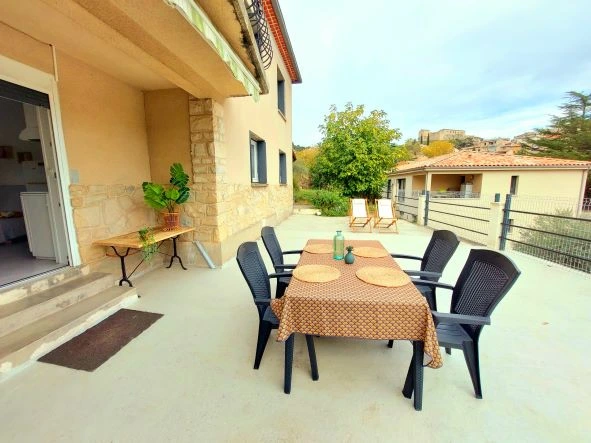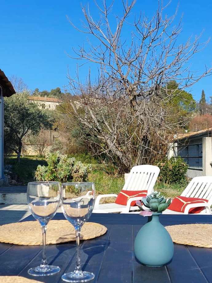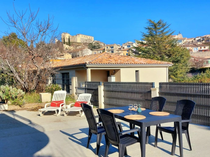 Dans le très agréable village de Gréoux-les-Bains, au rez-de-jardin d’une maison individuelle, appartement type 2 climatisé avec grande terrasse privée.
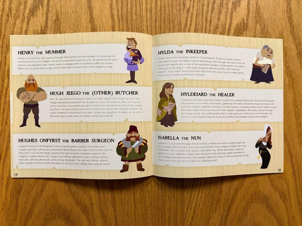 Yet there is hope! The leaders of Robin Hood's Merry Band — Friar Tuck, Maid Marian, Little John and otheres — are each gathering together a Band of Villagers to come to the rescue. Each player represents one of these bold leaders.
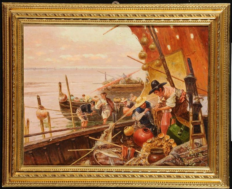 Riccardo Pellegrini (1863-1934) Scena di mercato sulle barche
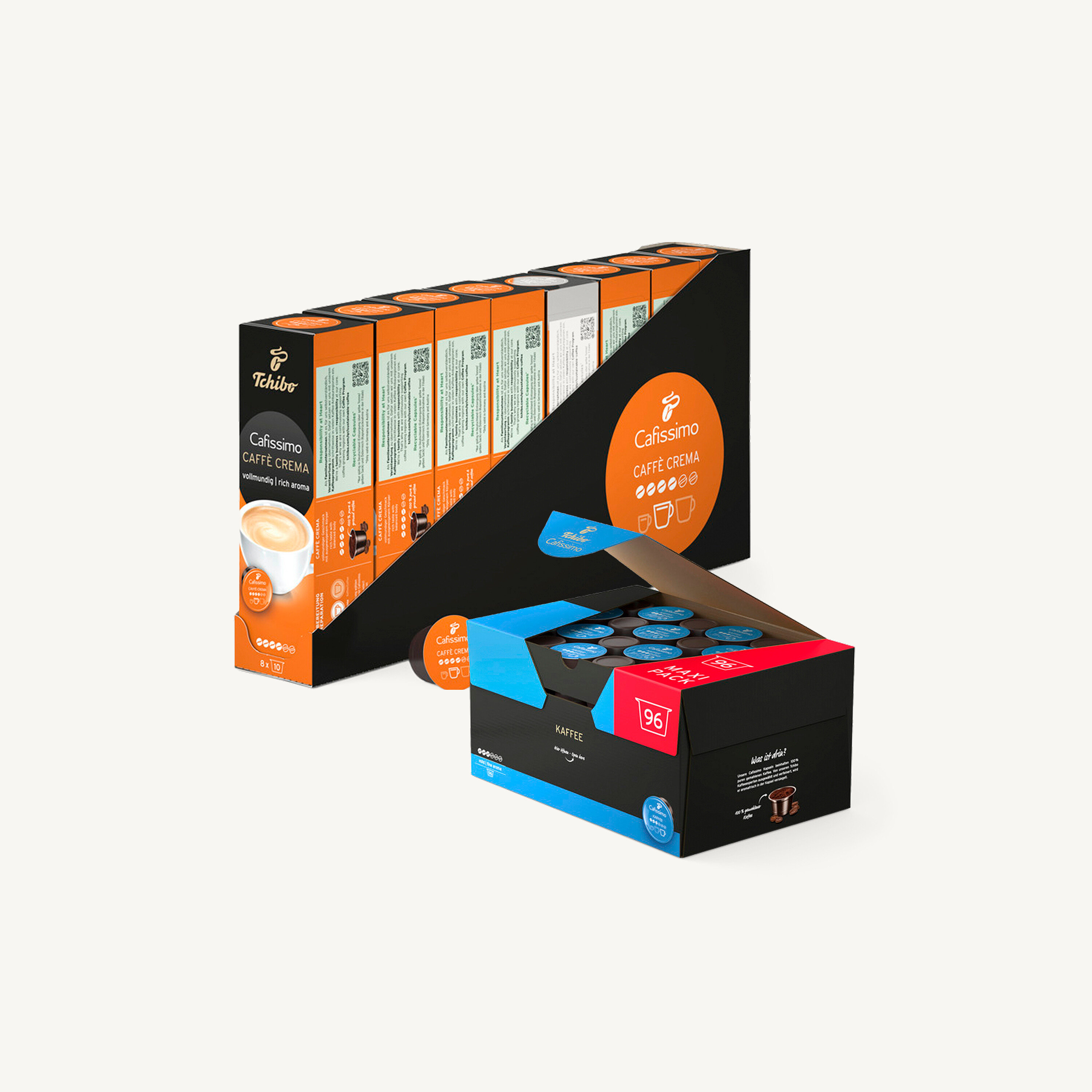Mehr Inhalt, mehr sparen: Mit den Cafissimo Großpackungen genießen Sie länger und sparen pro Kapsel umso mehr, je größer die Packung ist.
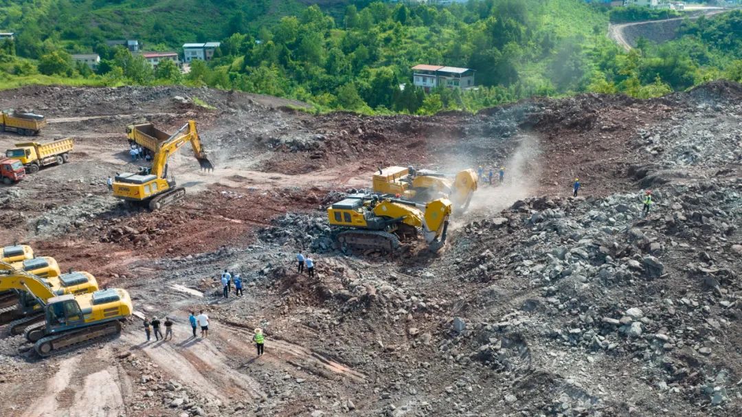 施工观摩环节,徐工大挖“战队”挥舞巨臂,通力配合 蓝莓TV,行云流水般地完成了土石方剥离及挖装作业,徐工一体化施工解决方案展示出来的成果——不仅环保,而且高效,着实让到场客户“喜出望外”。
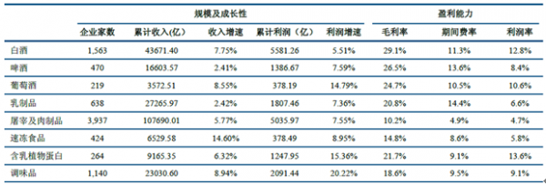 食品飲料各子行業產量表
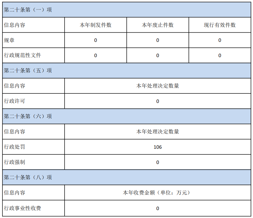 (一)主动公开。对照《乐山市市中区人民政府办公室关于2022年度政府门户网站信息内容保障计划的通知》(便笺〔2022〕-1)文件要求,我局积极依法公开政府信息。2022年,我局主动公开各类政府信息共101条,其中文件解读信息1条,工作动态信息4条,公示公告信息68条,执法监督信息1条,其他重点、热点政府信息27条。本年度公开的政府信息未发现影响或者可能影响社会稳定、扰乱社会管理秩序的虚假或不完整信息。
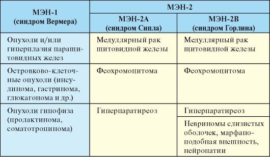 Различают 3 основных синдрома МЭН.
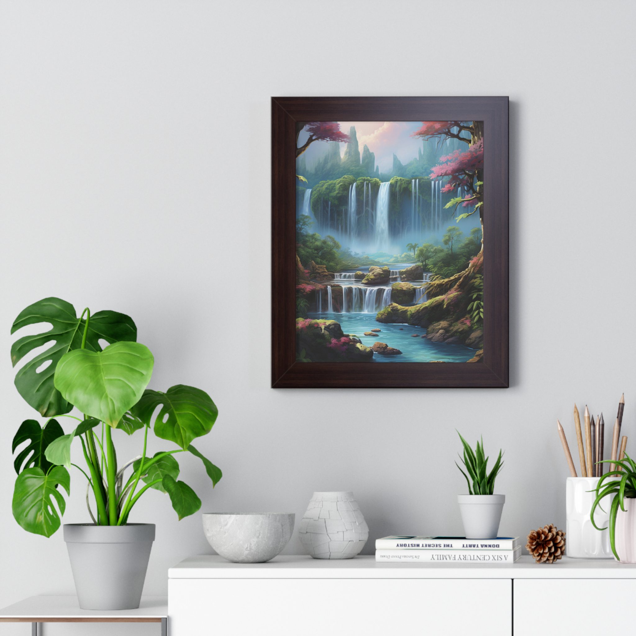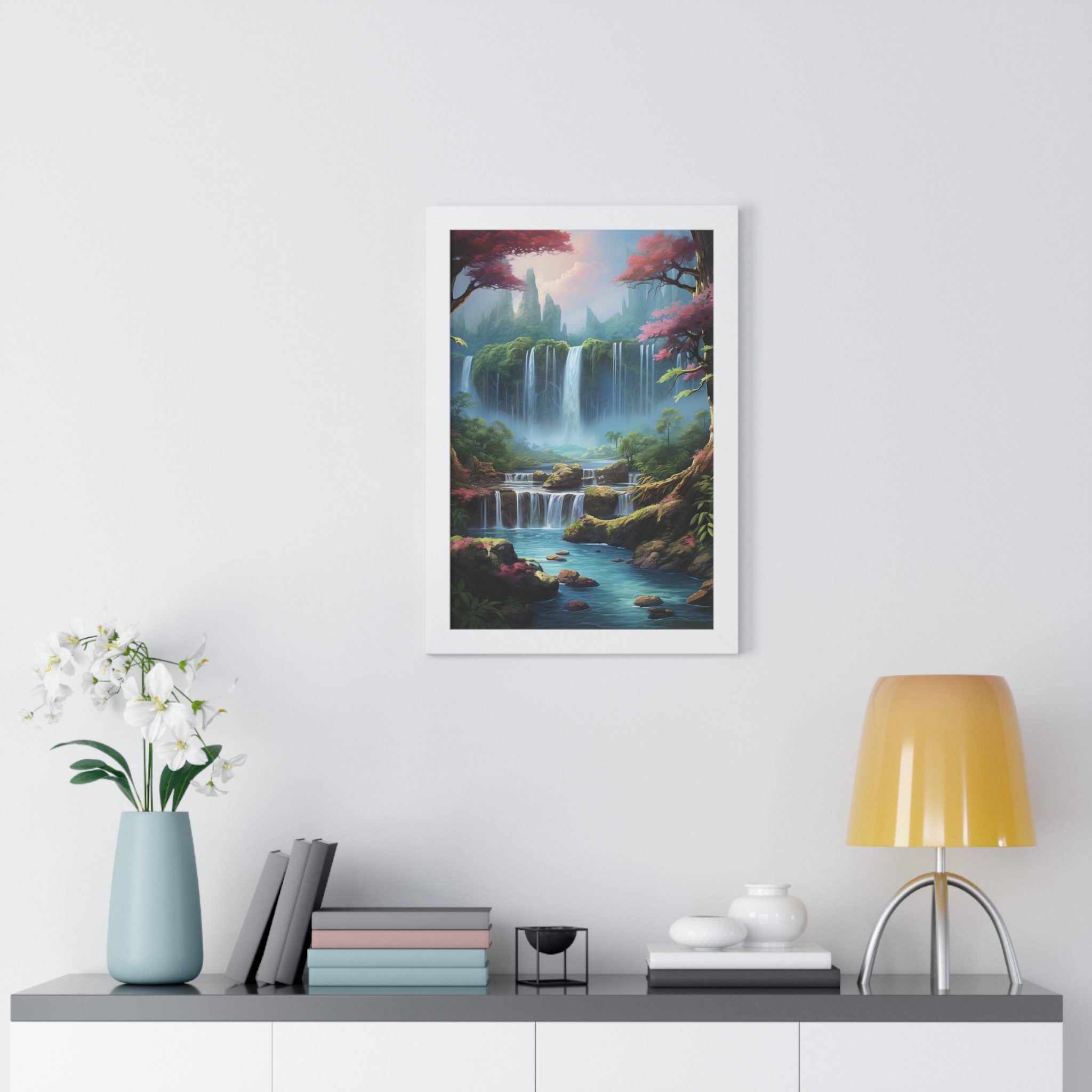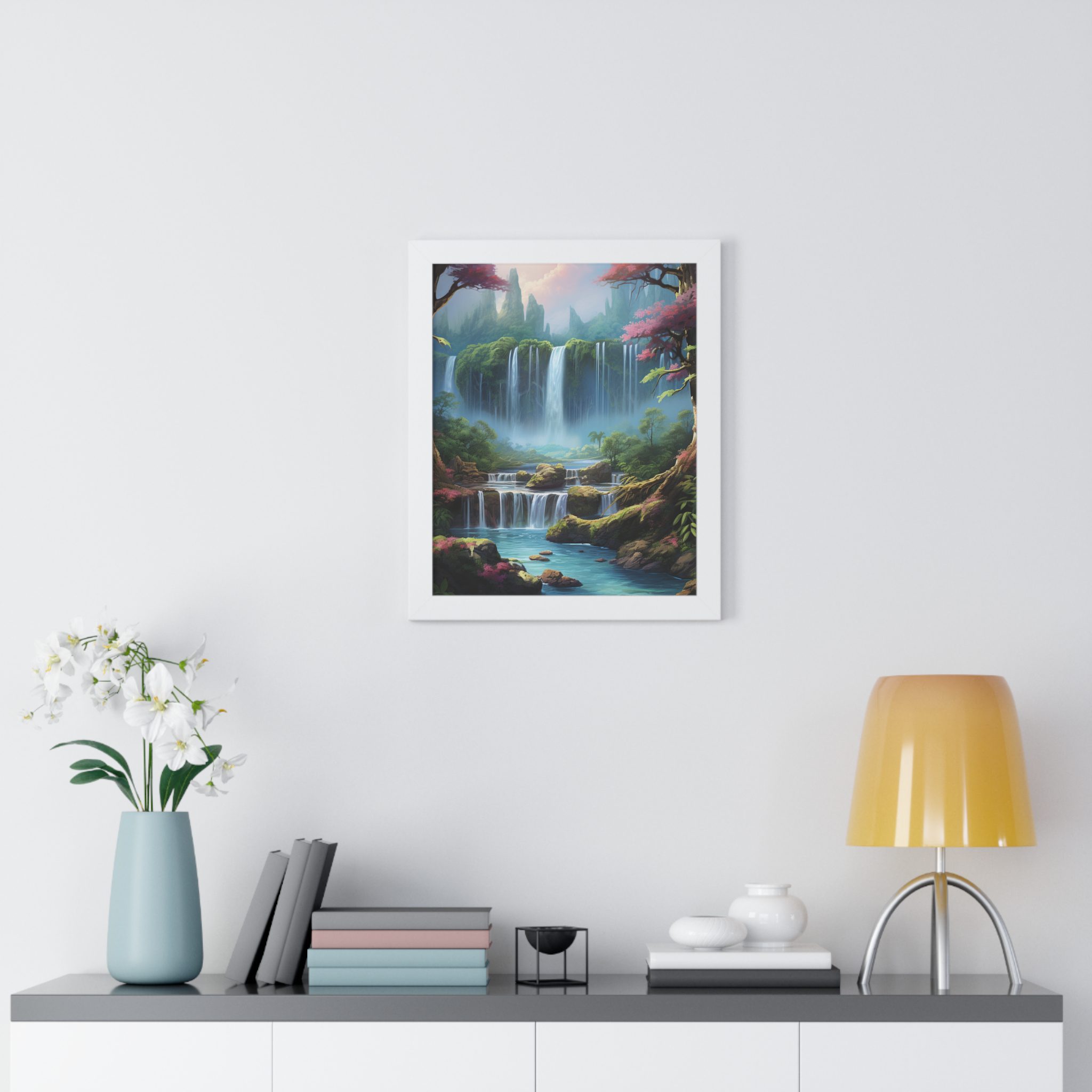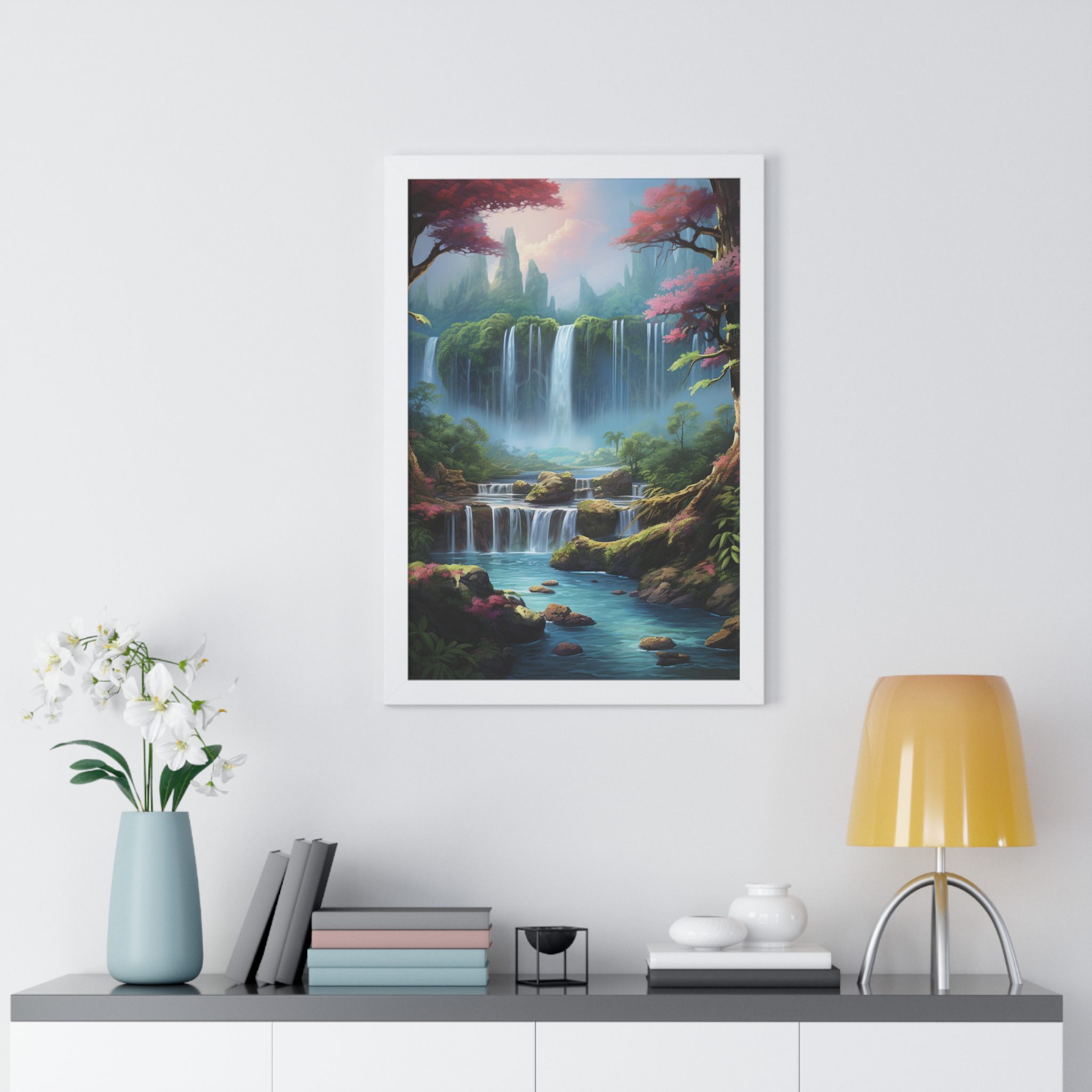 Enchanted Waterfall Surrounded By Vibrant Design, Securely framed in one of three colors (black, white, or walnut), these premium posters exhibit their varied contents through archive-worthy photo paper and ink. For easy hanging, there’s a backing hardware piece. The framing is made of MDF. Further ensuring durability, the bordering is low maintenance and resistant to swelling and warping.

### [WHAT YOU SHOULD DO]
Exactly the lines from the one with "Различают 3 основных синдрома МЭН." through the end of the listing above are to be repeated, with no pictures.

### [SOLUTION TO THIS TASK]
 Различают 3 основных синдрома МЭН.
 Enchanted Waterfall Surrounded By Vibrant Design, Securely framed in one of three colors (black, white, or walnut), these premium posters exhibit their varied contents through archive-worthy photo paper and ink. For easy hanging, there’s a backing hardware piece. The framing is made of MDF. Further ensuring durability, the bordering is low maintenance and resistant to swelling and warping.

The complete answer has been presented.